# Introduction to Boosting Algorithms

## Goals

After this lesson you should be able to:

- Explain how boosting algorithms work and identify their strengths and weaknesses
- Explain the differences between boosting and bagging methods
- Understand the AdaBoost algorithm
- Understand the difference between AdaBoost and Gradient Boosting
- Implement boosting models to solve classification and regression problems

### Bagging Review

- Bootstrap aggregation - resample entire dataset multiple times with replacement. Average model performance on bootstrapped data sets
- Uses strong learners (Decision tree, RF, etc. and gives equal votes to each estimator)
- Models run in parallel - can be better for scalability

### Bootstrapping - resample our data with replacement

![Bootstrapping](images/bootstrap.png)

### Aggregation - combine results of models with voting

![Random Forest](images/random-forest-visualization.png)

## Boosting Explanation
- Ensemble method using weak learners (usually decision trees) with high bias to iteratively improve our model by reducing loss
- Misclassified data is more heavily weighted when run through the next weak learner (weighted bootstrapping)
- Models run in sequence (can be bad for scalability)

## Comparison

- Boosting tends to reduce variance
- Bagging tends to reduce bias, and can lead to overfitting

## AdaBoost Classifier - weights are updated for each decision tree stump based on misclassified samples



![AdaBoost](images/adaboost-viz.png)

### Uniform vs. weighted resampling

In [None]:
import numpy as np

In [None]:
dataset = np.arange(1, 6)

In [None]:
probs = [.2, .2, .2, .2, .2]

In [None]:
np.random.choice(dataset, size = 5, p = probs)

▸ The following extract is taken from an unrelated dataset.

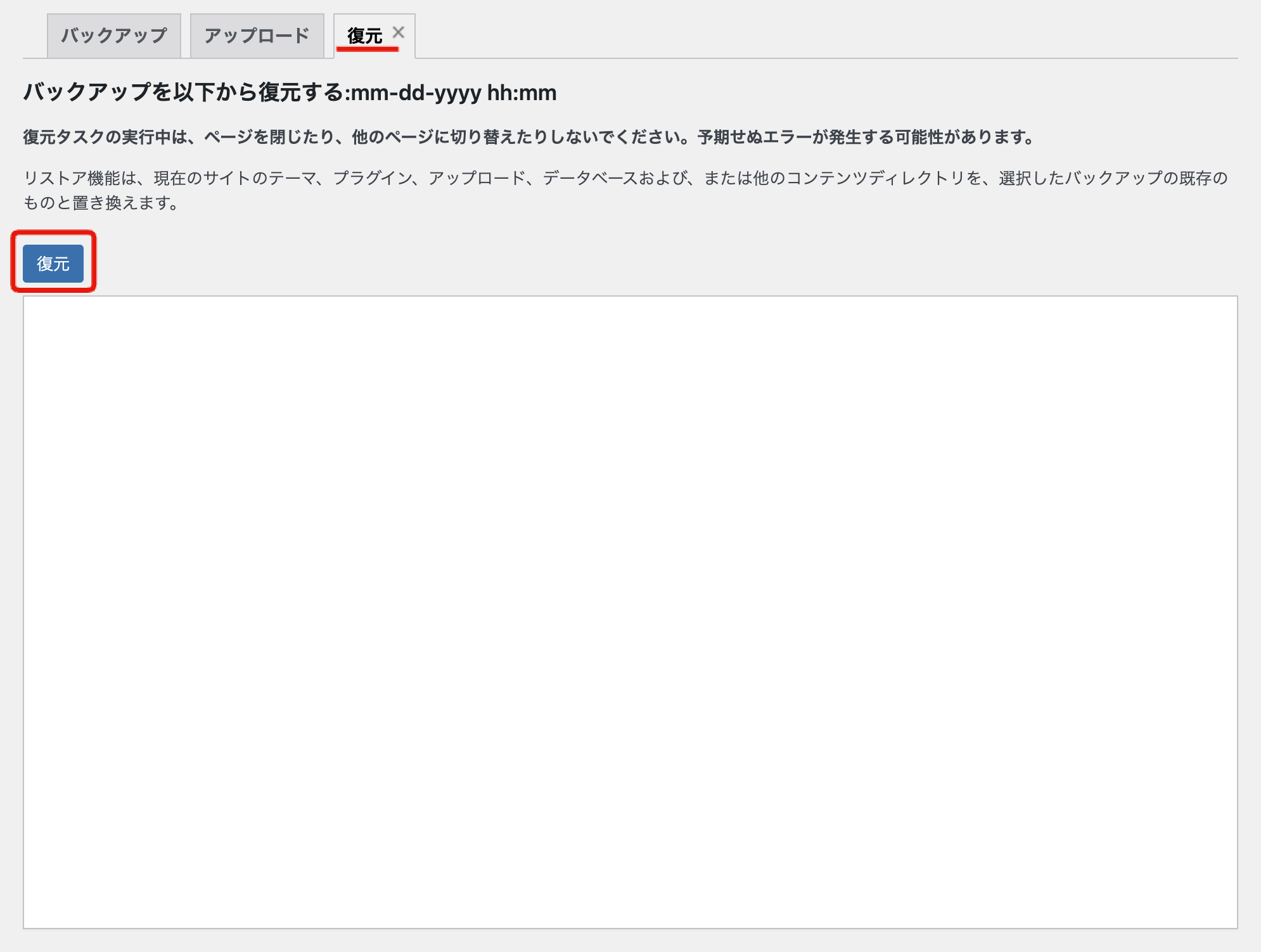 復元機能を実行:バックアップデータをインポート後、「復元」ボタンをクリックして移行プロセスを開始します。短時間でサイトが新しい環境に再現されます。

#### Let's say our first tree correctly classifies every datapoint it gets, except for datapoint 5 - probability of row 5 being drawn gets upweighted

In [None]:
probs = [.1, .1, .1, .1, .6]

In [None]:
np.random.choice(dataset, size = 5, p = probs)

#### Each tree MUST be grown in sequence in order to reweight samples

## The AdaBoost Algorithm (classification)

### $$ y = sign (\sum_{t=1}^T\alpha_t h_t(X)) $$

#### - y = Final classification of model (-1 or 1)
#### - T = Our weak learner set (decision tree stump)
#### - $\alpha_t$ is the weight of decision tree stump t
#### - $h_t(X)$ is the prediction (-1 or 1) of decision tree stump t

#### If we have 10 trees in our AdaBoost algorithm. 6 vote for -1 and 4 vote for 1. The output is +2. We take just the sign and classify this row as a 1.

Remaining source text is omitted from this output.